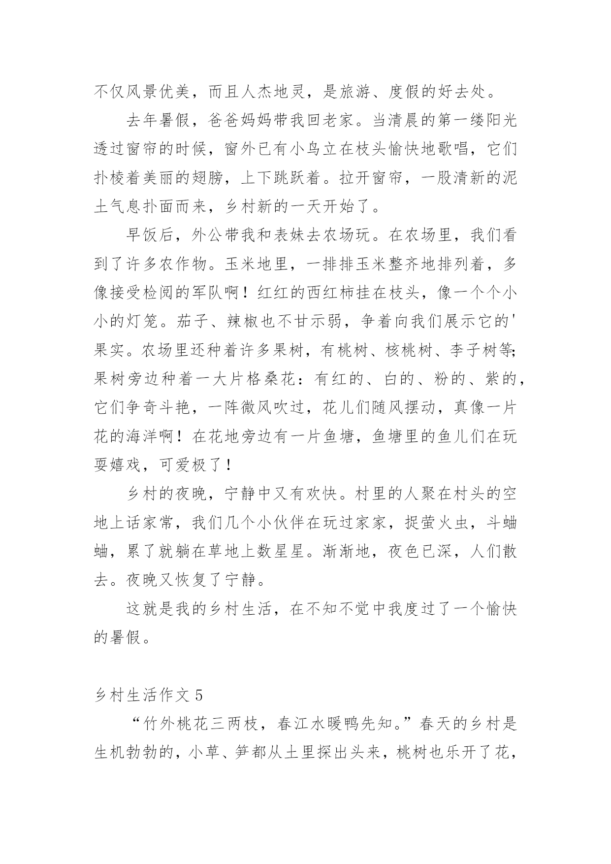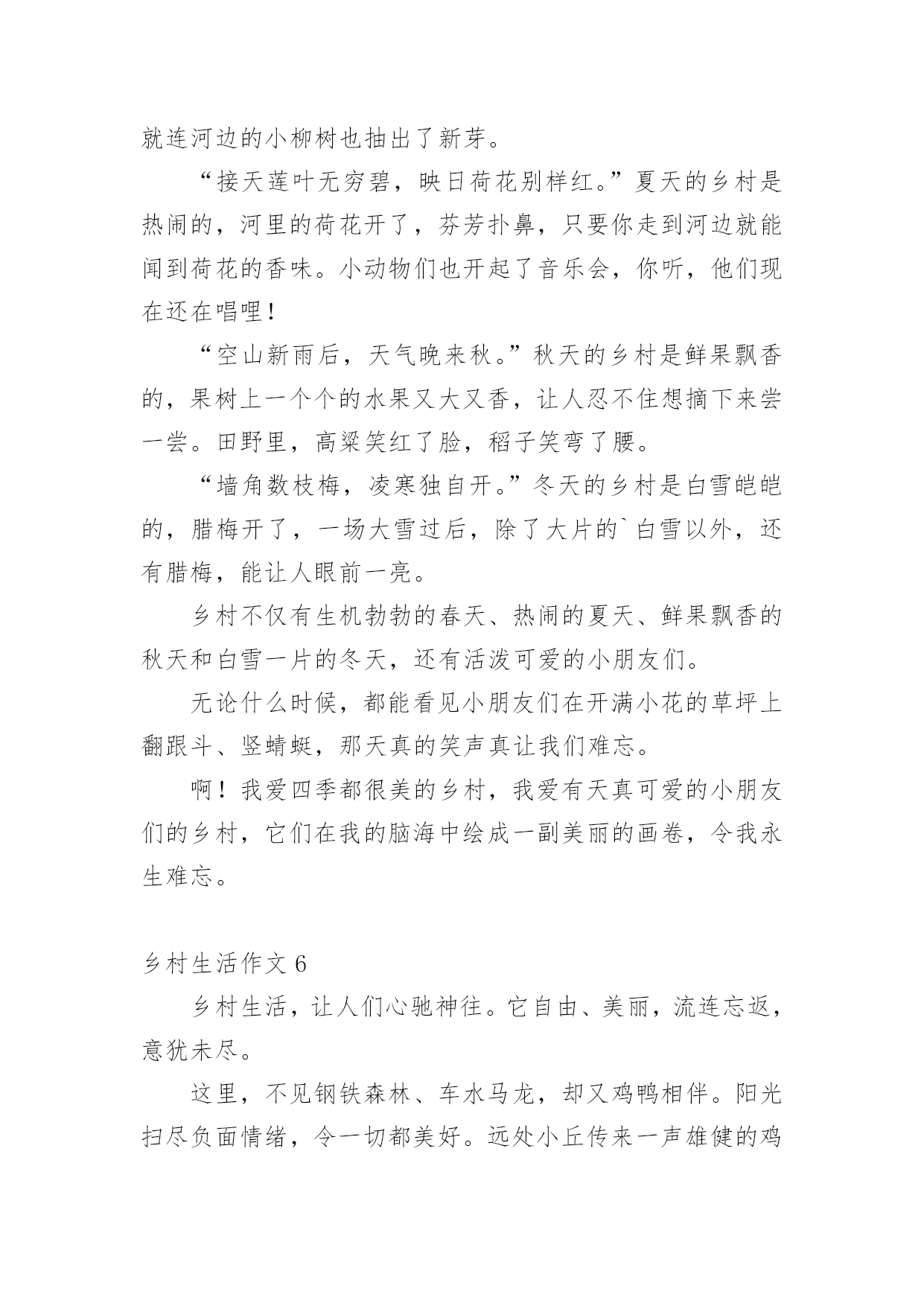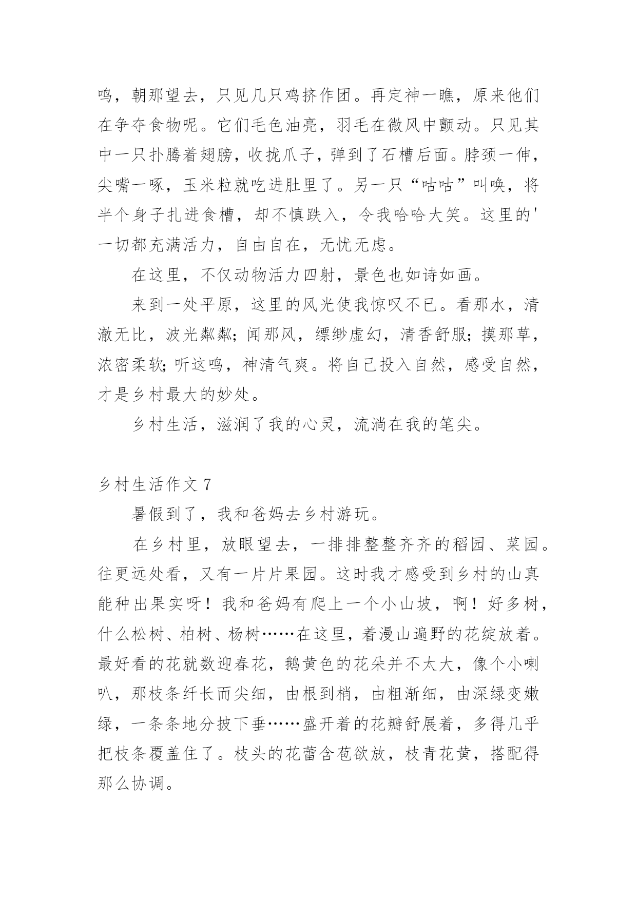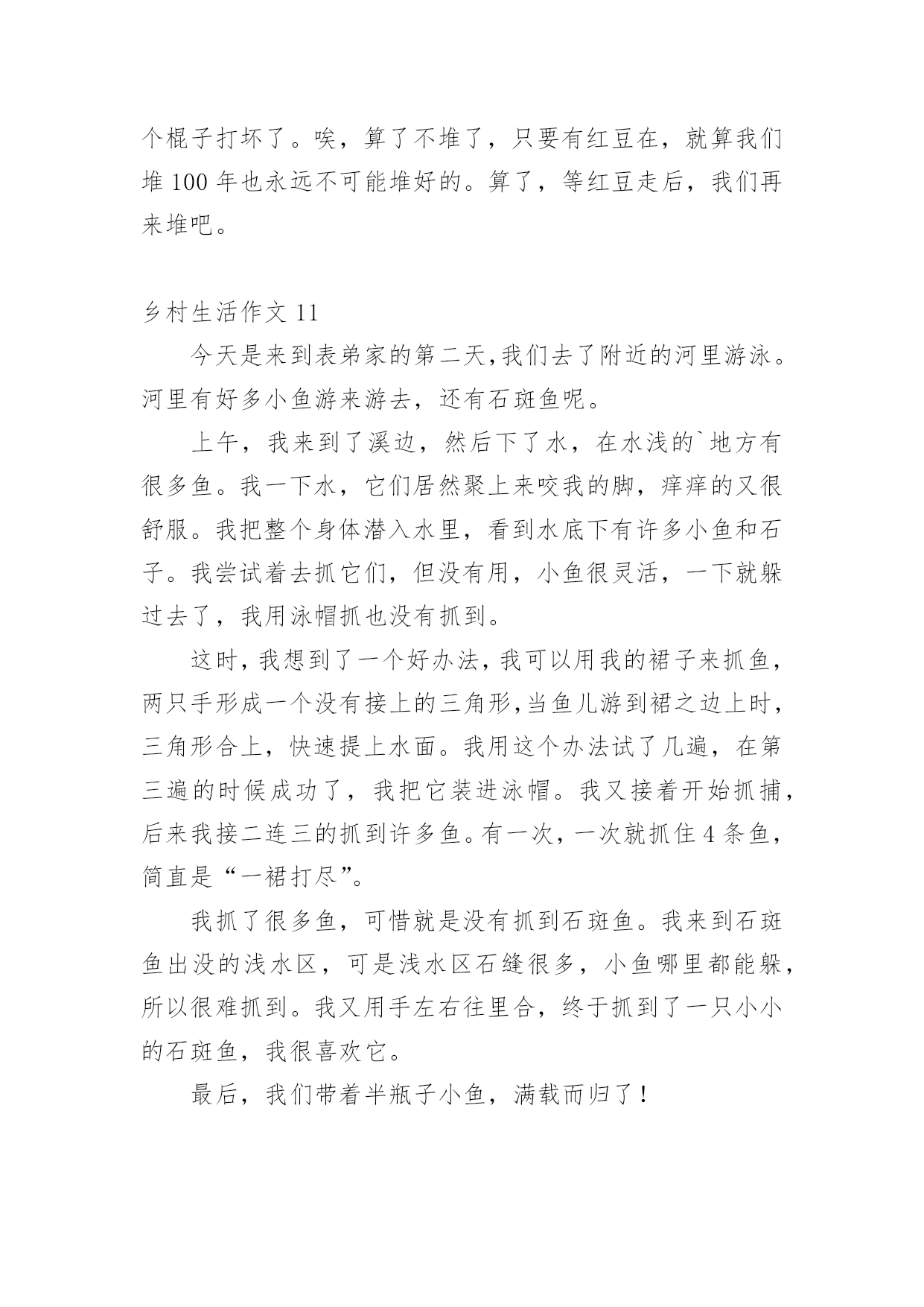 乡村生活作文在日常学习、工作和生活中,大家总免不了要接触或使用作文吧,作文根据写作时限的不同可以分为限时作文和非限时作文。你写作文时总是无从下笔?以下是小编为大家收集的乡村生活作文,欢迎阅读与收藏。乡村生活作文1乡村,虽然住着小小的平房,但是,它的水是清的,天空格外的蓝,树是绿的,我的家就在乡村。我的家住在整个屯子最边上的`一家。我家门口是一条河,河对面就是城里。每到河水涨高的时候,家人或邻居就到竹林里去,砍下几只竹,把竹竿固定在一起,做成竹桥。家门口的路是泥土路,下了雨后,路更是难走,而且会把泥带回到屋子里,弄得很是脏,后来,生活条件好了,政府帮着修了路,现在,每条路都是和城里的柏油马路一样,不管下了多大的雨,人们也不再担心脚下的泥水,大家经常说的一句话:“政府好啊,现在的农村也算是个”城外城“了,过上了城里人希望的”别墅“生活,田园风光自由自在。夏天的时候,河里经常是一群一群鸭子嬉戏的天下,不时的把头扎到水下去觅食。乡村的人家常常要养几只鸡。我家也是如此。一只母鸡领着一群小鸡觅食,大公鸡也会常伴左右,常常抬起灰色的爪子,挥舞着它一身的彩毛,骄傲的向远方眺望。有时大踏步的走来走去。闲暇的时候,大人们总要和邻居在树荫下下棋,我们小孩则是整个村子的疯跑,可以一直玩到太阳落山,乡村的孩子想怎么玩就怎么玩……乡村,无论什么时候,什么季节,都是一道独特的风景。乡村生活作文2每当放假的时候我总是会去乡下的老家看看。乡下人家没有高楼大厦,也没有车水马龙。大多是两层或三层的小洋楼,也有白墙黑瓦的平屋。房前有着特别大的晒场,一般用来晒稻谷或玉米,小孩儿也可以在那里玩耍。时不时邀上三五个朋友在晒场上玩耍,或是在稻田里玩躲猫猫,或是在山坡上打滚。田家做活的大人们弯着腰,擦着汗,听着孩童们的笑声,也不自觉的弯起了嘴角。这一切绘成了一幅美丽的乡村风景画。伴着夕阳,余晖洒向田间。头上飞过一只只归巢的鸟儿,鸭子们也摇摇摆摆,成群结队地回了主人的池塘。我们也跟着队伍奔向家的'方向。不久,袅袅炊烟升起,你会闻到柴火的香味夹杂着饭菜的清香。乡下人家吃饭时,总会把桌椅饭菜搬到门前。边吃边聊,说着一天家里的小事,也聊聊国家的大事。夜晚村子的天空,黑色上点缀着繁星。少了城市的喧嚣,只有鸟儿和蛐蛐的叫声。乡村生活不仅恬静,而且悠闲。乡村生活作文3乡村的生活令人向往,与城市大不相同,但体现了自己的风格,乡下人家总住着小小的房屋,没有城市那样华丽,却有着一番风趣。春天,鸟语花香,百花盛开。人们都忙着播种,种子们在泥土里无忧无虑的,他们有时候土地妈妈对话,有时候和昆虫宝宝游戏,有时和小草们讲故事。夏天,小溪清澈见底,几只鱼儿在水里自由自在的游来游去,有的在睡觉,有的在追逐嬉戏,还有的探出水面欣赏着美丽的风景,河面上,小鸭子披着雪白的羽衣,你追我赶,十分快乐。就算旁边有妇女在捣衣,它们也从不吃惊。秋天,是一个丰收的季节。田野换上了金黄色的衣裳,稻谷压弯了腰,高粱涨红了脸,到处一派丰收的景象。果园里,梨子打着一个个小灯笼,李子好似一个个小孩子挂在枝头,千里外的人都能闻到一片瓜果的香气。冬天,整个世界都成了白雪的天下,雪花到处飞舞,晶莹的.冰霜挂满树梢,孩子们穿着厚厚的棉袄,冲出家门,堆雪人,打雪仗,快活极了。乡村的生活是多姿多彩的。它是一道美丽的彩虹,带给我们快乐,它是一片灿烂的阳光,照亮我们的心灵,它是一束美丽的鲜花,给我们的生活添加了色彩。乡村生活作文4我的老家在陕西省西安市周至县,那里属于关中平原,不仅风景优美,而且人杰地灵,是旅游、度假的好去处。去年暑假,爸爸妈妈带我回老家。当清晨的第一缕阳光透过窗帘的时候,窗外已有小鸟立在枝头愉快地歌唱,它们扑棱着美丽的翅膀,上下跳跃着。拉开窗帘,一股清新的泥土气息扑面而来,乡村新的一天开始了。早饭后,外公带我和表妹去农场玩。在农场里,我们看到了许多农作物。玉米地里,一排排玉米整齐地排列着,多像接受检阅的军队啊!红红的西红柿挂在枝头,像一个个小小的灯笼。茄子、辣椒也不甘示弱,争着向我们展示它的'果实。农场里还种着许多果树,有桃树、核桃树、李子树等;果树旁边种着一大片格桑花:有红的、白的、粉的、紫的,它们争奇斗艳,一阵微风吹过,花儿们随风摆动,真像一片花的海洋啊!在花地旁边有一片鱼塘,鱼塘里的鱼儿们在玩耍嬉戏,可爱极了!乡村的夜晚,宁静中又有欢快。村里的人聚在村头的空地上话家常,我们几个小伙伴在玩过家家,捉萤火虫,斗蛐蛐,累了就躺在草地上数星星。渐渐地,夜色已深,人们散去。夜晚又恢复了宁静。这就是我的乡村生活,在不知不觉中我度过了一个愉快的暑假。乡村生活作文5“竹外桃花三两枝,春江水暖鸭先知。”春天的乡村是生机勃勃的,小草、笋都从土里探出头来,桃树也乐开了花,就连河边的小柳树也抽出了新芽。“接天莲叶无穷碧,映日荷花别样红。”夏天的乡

※

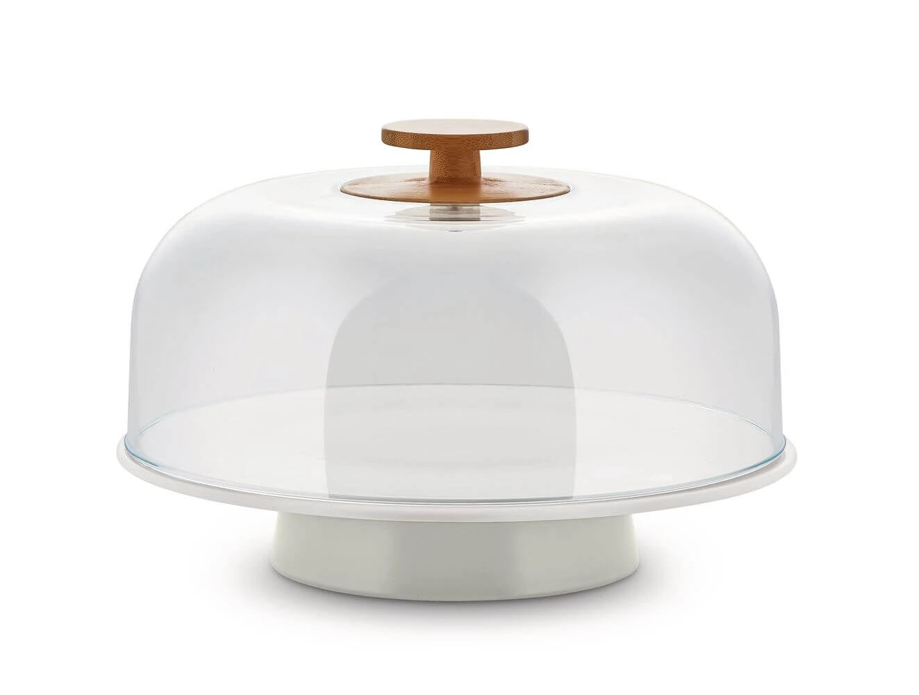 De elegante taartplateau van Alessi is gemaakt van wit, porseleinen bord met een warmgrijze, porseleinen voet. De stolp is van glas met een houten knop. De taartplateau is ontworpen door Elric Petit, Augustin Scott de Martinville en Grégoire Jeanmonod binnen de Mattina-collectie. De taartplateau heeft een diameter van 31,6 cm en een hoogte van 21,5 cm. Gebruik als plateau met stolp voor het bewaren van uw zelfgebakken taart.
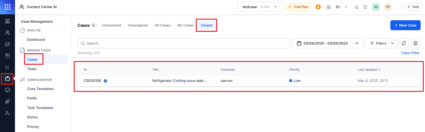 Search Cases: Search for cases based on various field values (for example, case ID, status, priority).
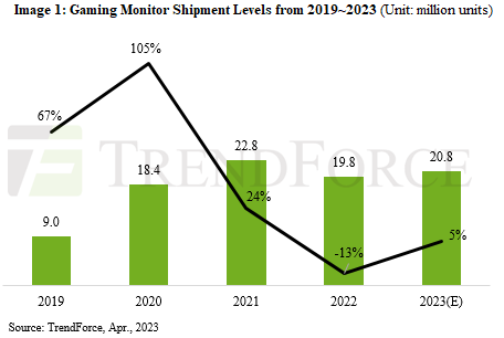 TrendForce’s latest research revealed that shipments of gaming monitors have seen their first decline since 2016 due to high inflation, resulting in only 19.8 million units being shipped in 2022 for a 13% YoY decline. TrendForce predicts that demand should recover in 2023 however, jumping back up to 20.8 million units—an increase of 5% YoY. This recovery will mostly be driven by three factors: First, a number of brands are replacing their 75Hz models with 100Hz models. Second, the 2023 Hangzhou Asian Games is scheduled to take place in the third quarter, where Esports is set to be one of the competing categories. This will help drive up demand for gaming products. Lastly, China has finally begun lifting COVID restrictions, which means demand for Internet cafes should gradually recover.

※

> Exercise
Go back to the lines above and output, exactly as they stand, the ones from the line containing "Search Cases: Search" to the line containing "TrendForce’s latest research". Leave all pictures behind.

> Expected output
 Search Cases: Search for cases based on various field values (for example, case ID, status, priority).
 TrendForce’s latest research revealed that shipments of gaming monitors have seen their first decline since 2016 due to high inflation, resulting in only 19.8 million units being shipped in 2022 for a 13% YoY decline. TrendForce predicts that demand should recover in 2023 however, jumping back up to 20.8 million units—an increase of 5% YoY. This recovery will mostly be driven by three factors: First, a number of brands are replacing their 75Hz models with 100Hz models. Second, the 2023 Hangzhou Asian Games is scheduled to take place in the third quarter, where Esports is set to be one of the competing categories. This will help drive up demand for gaming products. Lastly, China has finally begun lifting COVID restrictions, which means demand for Internet cafes should gradually recover.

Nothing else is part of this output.